▶ [Work to complete]: Go through the following data and transcribe exactly the stretch of lines from the one holding "Classes are kept" to the one holding "گلس محافظ دوربین", both included.

********

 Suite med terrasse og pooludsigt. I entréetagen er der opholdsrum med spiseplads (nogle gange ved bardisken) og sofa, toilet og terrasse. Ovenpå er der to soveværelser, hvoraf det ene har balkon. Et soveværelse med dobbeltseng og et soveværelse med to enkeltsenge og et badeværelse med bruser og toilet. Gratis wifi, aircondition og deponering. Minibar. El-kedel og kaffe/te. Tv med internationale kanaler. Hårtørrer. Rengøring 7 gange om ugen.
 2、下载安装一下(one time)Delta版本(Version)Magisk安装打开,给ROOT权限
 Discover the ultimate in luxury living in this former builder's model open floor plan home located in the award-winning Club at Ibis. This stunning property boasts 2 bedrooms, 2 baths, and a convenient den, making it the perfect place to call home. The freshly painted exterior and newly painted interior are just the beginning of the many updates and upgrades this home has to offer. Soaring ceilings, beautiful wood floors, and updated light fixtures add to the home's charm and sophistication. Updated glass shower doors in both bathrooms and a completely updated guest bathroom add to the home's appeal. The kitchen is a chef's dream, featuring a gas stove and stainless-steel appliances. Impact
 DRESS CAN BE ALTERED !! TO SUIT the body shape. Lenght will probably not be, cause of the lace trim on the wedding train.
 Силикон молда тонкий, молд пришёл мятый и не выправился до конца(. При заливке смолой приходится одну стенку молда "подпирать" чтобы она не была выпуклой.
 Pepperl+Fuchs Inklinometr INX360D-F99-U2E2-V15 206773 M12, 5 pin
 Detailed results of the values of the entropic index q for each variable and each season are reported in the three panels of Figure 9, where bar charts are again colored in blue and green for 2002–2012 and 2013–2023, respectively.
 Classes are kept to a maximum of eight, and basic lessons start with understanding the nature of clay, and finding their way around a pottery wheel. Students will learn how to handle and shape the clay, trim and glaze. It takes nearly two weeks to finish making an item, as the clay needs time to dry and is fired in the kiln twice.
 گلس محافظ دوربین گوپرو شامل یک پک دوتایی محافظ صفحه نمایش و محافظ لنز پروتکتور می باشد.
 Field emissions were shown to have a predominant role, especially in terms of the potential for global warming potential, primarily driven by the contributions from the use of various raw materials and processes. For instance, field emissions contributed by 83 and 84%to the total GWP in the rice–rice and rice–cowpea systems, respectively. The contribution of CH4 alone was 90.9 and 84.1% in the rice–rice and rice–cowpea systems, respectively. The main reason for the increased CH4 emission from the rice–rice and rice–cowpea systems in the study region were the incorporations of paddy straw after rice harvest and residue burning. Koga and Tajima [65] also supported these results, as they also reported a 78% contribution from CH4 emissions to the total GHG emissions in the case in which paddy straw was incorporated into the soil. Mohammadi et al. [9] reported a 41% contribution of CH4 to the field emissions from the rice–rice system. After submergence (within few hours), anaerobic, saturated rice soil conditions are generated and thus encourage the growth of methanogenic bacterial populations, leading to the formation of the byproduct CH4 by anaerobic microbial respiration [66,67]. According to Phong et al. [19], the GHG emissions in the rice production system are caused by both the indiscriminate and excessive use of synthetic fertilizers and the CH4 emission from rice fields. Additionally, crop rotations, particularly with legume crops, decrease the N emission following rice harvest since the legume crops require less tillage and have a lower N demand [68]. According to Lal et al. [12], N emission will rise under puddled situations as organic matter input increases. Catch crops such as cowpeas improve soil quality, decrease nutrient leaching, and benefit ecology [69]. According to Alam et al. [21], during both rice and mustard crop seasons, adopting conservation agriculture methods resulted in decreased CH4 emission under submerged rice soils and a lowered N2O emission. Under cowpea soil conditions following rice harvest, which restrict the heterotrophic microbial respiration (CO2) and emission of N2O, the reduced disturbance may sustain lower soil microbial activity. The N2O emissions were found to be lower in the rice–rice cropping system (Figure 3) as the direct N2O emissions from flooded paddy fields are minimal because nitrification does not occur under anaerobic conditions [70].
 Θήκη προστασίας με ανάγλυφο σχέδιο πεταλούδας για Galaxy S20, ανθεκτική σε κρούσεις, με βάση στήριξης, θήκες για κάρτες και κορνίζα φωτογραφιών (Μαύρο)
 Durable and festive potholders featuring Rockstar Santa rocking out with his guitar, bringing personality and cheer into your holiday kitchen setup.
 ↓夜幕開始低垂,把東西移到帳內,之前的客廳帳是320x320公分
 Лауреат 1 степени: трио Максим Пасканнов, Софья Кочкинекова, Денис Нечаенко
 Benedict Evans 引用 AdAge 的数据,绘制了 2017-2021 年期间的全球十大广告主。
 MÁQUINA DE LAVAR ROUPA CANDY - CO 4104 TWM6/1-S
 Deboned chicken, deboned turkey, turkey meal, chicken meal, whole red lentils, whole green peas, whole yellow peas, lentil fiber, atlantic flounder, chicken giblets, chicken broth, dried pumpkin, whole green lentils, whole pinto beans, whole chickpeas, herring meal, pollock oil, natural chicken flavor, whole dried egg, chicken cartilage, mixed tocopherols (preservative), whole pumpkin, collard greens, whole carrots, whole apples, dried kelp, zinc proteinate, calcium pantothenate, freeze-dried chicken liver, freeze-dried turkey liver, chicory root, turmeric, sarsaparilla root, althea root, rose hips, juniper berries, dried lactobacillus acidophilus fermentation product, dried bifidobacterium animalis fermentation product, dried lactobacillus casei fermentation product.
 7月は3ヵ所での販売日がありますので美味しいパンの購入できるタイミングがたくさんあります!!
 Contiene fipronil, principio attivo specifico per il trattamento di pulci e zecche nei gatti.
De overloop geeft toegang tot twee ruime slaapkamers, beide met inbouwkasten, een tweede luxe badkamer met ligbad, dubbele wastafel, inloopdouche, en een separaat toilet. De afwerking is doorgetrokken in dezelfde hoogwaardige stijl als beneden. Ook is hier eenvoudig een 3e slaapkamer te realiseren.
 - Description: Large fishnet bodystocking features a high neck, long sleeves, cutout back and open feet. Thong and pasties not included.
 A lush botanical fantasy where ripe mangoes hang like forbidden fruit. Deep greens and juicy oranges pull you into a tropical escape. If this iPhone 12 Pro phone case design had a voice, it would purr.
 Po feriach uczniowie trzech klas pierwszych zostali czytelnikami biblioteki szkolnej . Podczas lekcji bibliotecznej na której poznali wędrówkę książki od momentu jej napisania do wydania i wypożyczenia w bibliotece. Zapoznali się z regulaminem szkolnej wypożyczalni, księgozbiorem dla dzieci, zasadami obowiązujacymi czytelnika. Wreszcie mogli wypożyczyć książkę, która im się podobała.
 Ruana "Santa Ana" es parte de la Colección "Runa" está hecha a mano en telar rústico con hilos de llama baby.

********

▶ [Answer box]:
 Classes are kept to a maximum of eight, and basic lessons start with understanding the nature of clay, and finding their way around a pottery wheel. Students will learn how to handle and shape the clay, trim and glaze. It takes nearly two weeks to finish making an item, as the clay needs time to dry and is fired in the kiln twice.
 گلس محافظ دوربین گوپرو شامل یک پک دوتایی محافظ صفحه نمایش و محافظ لنز پروتکتور می باشد.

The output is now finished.